FlyBase is rooted in the collaborative spirit of the Drosophila research community and good communication is crucial to continue providing a high standard of service. For that, FlyBase sends a couple of surveys a year to the FlyBase Community Advisory Group, which is made up of volunteer users at any career stage, from any biology field, and at any level of expertise on the database resources. Anyone can join by following the link under ‘Community’ in the navigation bar. The surveys try to gauge the level of usage and satisfaction of certain tools and what features could be added or eliminated, and are used to inform the focus of FlyBase resource development.
The query tools and data display are designed to be intuitive, supported by clear help pages. Video tutorials and ‘Tweetorials’ are available for many tools and resources, particularly if new, revamped or heavily used (see full list here).
For more direct interactions with the community, FlyBase tries to be present at major international conferences, such as the US Annual Drosophila Research Conference and the European Drosophila Research Conference. And FlyBase always welcomes suggestions, enquiries and corrections via our
Helpmail (link at the bottom of every page). These messages are read by everyone in the team, so that they can be addressed by the most suitable people.
Help from users
The fly research community has always been extremely supportive and can continue to do so at many levels. In addition to the financial support mentioned above, it is highly important and appreciated if users cite FlyBase whenever possible in articles, presentations and funding applications (citation link at the bottom of every webpage). These acknowledgements make FlyBase’s impact on research more tangible and specifically the article citations provide metrics that can be used for funding applications.
‘Gene snapshot’ summaries
FlyBase welcomes expert researchers to contribute ’Gene Snapshot’ summaries for their favourite genes. These provide a quick overview of the function of a gene’s product, based on key points solicited by FlyBase, and are reviewed by curators.
Help from authors
Authors can also contribute in several ways to simplify the curation of their articles, ultimately allowing their data to be more quickly available on the website.
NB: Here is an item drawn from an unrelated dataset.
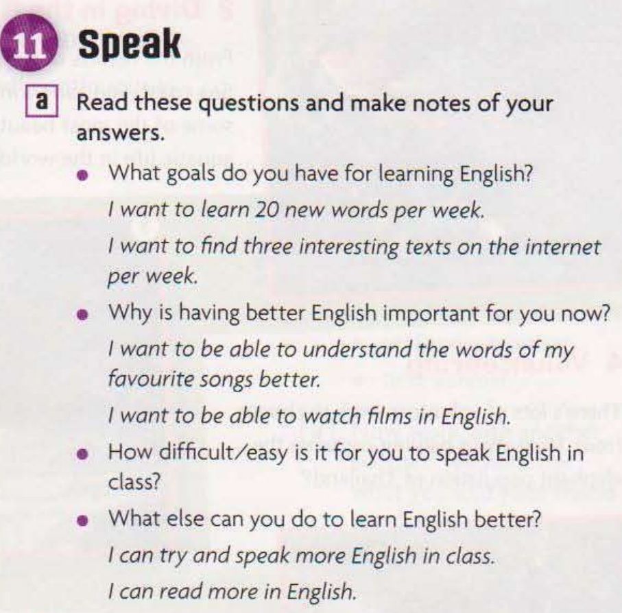 I want to fing three interesting texts on the internet per week. I want to be able to understand the words of my favorite songs better. I can speak in the class fluently. I can read more in English.

When you write your paper…
Clear, detailed and accurate descriptions of the experiments and resources minimises the curation effort and reduces the need to contact the authors. Articles should mention official FlyBase identifiers and nomenclature for entities such as genes, alleles, stocks and anatomical structures and should specify the molecular details of newly created alleles.
Once your paper is published…
When a research or review paper is published, authors should get an email from FlyBase asking for their help by filling in the Fast-Track Your Paper (FTYP) form. It requests authors to add the genes their articles focus on, which will become ready to display the next release, and minimal information on the types of experiments performed, which triages and helps prioritise the article for further curation.
Occasionally FlyBase has to send emails with clarification requests. Replying to these queries is greatly appreciated, as it allows for a more complete and accurate capture of the published data and makes it more readily available for display.